= Operation Scarlift =

Operation Scarlift (also known as Project 500 or The Bond Issue Program) was a program carried out by the Pennsylvania government in the 1960s and 1970s. Its mission was to repair environmental damage caused by abandoned mine lands, acid mine drainage, and other issues associated with historic mining. The operation began around the time that the Land and Water Conservation and Reclamation Act was passed and became inactive in the 1970s due to a lack of funding. During the operation, a total of $141,000,000 was spent on a variety of tasks, including remedying pollution in hundreds of streams, extinguishing dozens of mine fires, and constructing acid mine drainage treatment plants. Numerous reports on mining-impacted streams were produced during the operation, many of which continue to be used for assessing watersheds.

==Background==
On May 16, 1967, voters in Pennsylvania approved a $500 million bond issue for the purpose of resolving environmental problems. In 1968, Pennsylvania passed the Land and Water Conservation and Reclamation Act, which was the first act in the United States concerning abandoned mine reclamation. It was this act that led to the formation of Operation Scarlift to repair damage caused by abandoned mines. A chunk of the money from the $500 million bond issue was used to fund the operation.
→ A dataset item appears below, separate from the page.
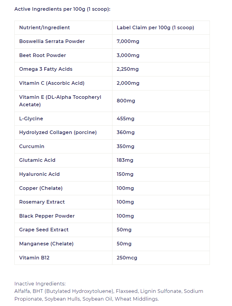 Ingredients: Boswellia Serrata Extract, Beetroot, Omega 3 Fatty Acids, Ascorbic Acid (Vitamin C Supplement), dl-Alpha Tocopherol (Synthetic Vitamin E), Glycine, Hydrolyzed Collagen, Curcumin Extract, L-Glutamine, Hyaluronic Acid, Organic Copper, Rosemary Extract, Black Pepper, Grapeseed Extract, Organic Manganese, Cobalamin (Vitamin B12), Alfalfa Meal, Butylated Hydroxytoluene (BHT), Flaxseed (Linseed), Lignin Sulfonate, Sodium Propionate, Soybean Hulls, Soybean Oil, Wheat Middlings (Shorts)

Operation Scarlift is so-named because of its mission to remove the "scars" left by historical mining activities in Pennsylvania.

==Operations==
The purpose of Operation Scarlift was to remedy the environmental damage that historic mining in Pennsylvania has caused to the land, water, and air. The operation carried out abandoned mine reclamation projects. These projects addressed such environmental issues as abandoned strip mines, open underground mine shafts, burning refuse banks, mine fires, identifying and gathering data on acid mine drainage sites across Pennsylvania. The operation built a series of lime neutralization stations to remedy acid mine drainage. Additionally, it produced dozens of studies on mining-impacted areas, including watersheds and mine complexes. These reports were created between 1968 and 1982.

The actions taken by Operation Scarlift used a total of $141,000,000. It used the money to carry out 500 stream pollution abatement projects, eliminate 150 areas of mine subsidence, extinguish 75 mine fires, and alleviate air pollution at 30 burning refuse banks. Between 1968 and 1981, approximately $78,000,000 were spent on remedying stream pollution and approximately $64,000,000 was spent on the other tasks carried out by the operation. By 1976, 48 mi of streams had been made free of pollution by the operation and another 140 mi had had their pollution levels reduced. A total of 32 deep mine complexes were sealed and 2600 acre were reclaimed.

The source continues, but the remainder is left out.